Source directories are build dependencies. I can see a minor improvement
though in code readability (and that's always great), but still the
developer needs to know from which source directory the factory is going
to be loaded from, which is very similar to the current approach.
Thanks,
Max
On 07.09.19 20:37, Kenneth Knowles wrote:
What about...
*5) Architect the code for sharing using straightforward builds and
dependencies*
Each versioned directory has an implementation of FlinkRunner
constructed from the common source, with version-specific pieces
injected (not with a complex framework, but by just passing as a parameter).
I just read over the actual amount of stuff you would have to inject. It
is very small at least through 1.8. Basically:
FlinkRunnerBuilder(
Function<Coder, TypeSerializer> coderTypeSerializerFactory,
Function<ExecutionConfig, TypeSerializer>
encodedValueTypeSerializerFactory).build() // returns a FlinkRunner
Now the code indicates exactly what is going on and all builds are
straightforward. All dependencies are actual build dependencies, not src
dir hacks.
*flink/*
+ *common/ *# move src/ to common/src/ for hygiene; compiles against all
supported Flink versions
- build.gradle
+ *src/*
- org/apache/beam/runners/flink/common*/FlinkRunnerBuilder.java*
**- ... # the main runner implementation here
+ *1.5_to_1.7_utils/*/ # common pluggable parts that work for 1.5
through 1.7/
- build.gradle # maybe makes sense to cross-compile and unit test
against 1.5 through 1.7, though dirs below give coverage too
+ *src/*
- org/apache/beam/runners/flink/v1_5_to_1_7/*CoderTypeSerializerFactory.java*
- org/apache/beam/runners/flink/v1_5_to_1_7/*EncodedValueTypeSerializerFactory.java*
+ *1.5/*
- build.gradle
+ *src/ */# implementation of FlinkRunner compatible with 1.5, could
have some of its own logic plugged in to FlinkRunnerBuilder, and some
1.5_to_1.7 utils/*
*
- org/apache/beam/runners/flink/*FlinkRunner.java */#
FlinkRunnerBuilder(new v1_5_to_1_7.CoderTypeSerializerFactory(), new
/v1_5_to_1_7./EncodedValueTypeSerializerFactory())/
+ *1.6/*
- build.gradle
+ *src/ */# implementation of FlinkRunner compatible with 1.6,
actually has none of its own logic but it could/*
*
- org/apache/beam/runners/flink/*FlinkRunner.java */#
FlinkRunnerBuilder(new v1_5_to_1_7.CoderTypeSerializerFactory(), new
/v1_5_to_1_7./EncodedValueTypeSerializerFactory())/
+ *1.7/*
+ *src/ */# implementation of FlinkRunner compatible with 1.7,
actually has none of its own logic but it could/*
*
- org/apache/beam/runners/flink/*FlinkRunner.java */#
FlinkRunnerBuilder(new v1_5_to_1_7.CoderTypeSerializerFactory(), new
/v1_5_to_1_7./EncodedValueTypeSerializerFactory())/
+ *1.8/*
- build.gradle
+ *src/*
- org/apache/beam/runners/flink/*FlinkRunner.java */#
FlinkRunnerBuilder(new v1_8_CoderTypeSerializerFactory(), new
EncodedValueTypeSerializerFactory())/
- org/apache/beam/runners/flink/*v1_8/CoderTypeSerializerFactory.java*
- org/apache/beam/runners/flink/*v1_8/EncodedValueTypeSerializerFactory.java*
Kenn
On Sat, Sep 7, 2019 at 9:00 AM Lukasz Cwik <[email protected]

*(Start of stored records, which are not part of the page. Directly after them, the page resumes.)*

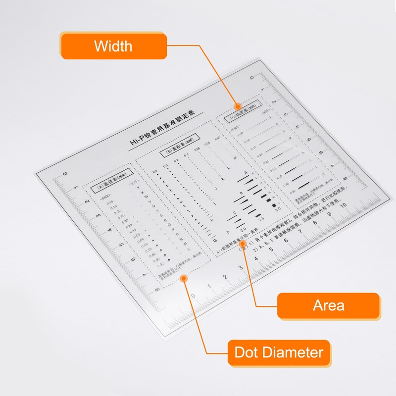 - Features - Transparent film SEC pattern used for quality inspection and defect size estimation, with high accuracy, excellent transparency, minimal error caused by temperature, and long-term use. In addition, it has a protective film on the surface, which is waterproof and scratch-resistant to avoid inaccurate scales.
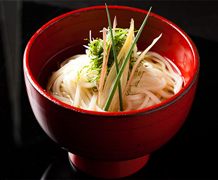 「糸うどん」ともいわれ、加賀藩前田候の御用達うどんとして献上されていました。その作り方はそうめんとほぼ同じですが、油を使わないのが「氷見うどん」独自の製法であり、これにより強いコシとつや、そしてのど越しの良さと歯応えが生まれます。
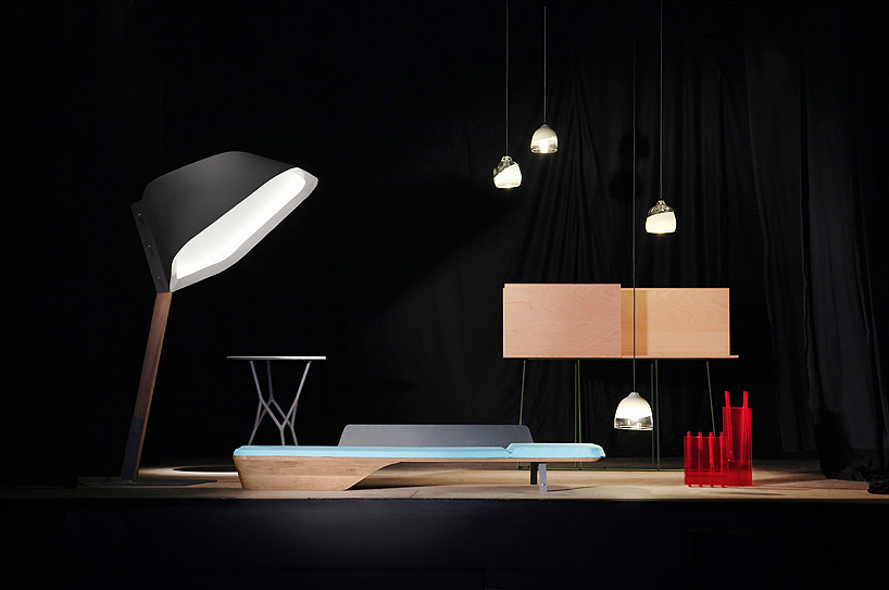 far left: floor lamp by no. 111, made of metal, wood, and LED stripping back right: desk by eric jourdan, made of wood and steel tubing

<mailto:[email protected]>> wrote:
When we import the Beam code into Google, we also run into issues
where sometimes we need to transform parts of the code. During
import we use copybara[1] to do these transformations to the source
which are more then just copy file X from some other path since most
of the time we want to change only a few lines and this really helps
reduce the maintenance pain. Unfortunately I don't see a Gradle
plugin for copybara but I do imagine there is a plugin that allows
one to run SED like expressions or other transformations instead of
just maintaining duplicate copies of files.

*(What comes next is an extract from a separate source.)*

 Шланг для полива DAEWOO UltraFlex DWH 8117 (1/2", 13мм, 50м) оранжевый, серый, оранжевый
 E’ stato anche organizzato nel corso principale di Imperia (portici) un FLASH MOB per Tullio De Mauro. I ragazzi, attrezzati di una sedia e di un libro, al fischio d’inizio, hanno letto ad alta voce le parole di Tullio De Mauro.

1: https://github.com/google/copybara
On Sat, Sep 7, 2019 at 3:37 AM David Morávek <[email protected]
<mailto:[email protected]>> wrote:
Hello,
we currently have an opened PR for Flink 1.9
<https://github.com/apache/beam/pull/9296>, which greatly
improves the runner for batch use-case. In case the PR gets
merged, we would be supporting 5 latest major versions of Flink,
which obviously come with high maintenance price and makes
future development harder (there are already a sub-optimal parts
due to compatibility with previous versions). Thomas and Max
expressed needs for addressing the issue with the current release.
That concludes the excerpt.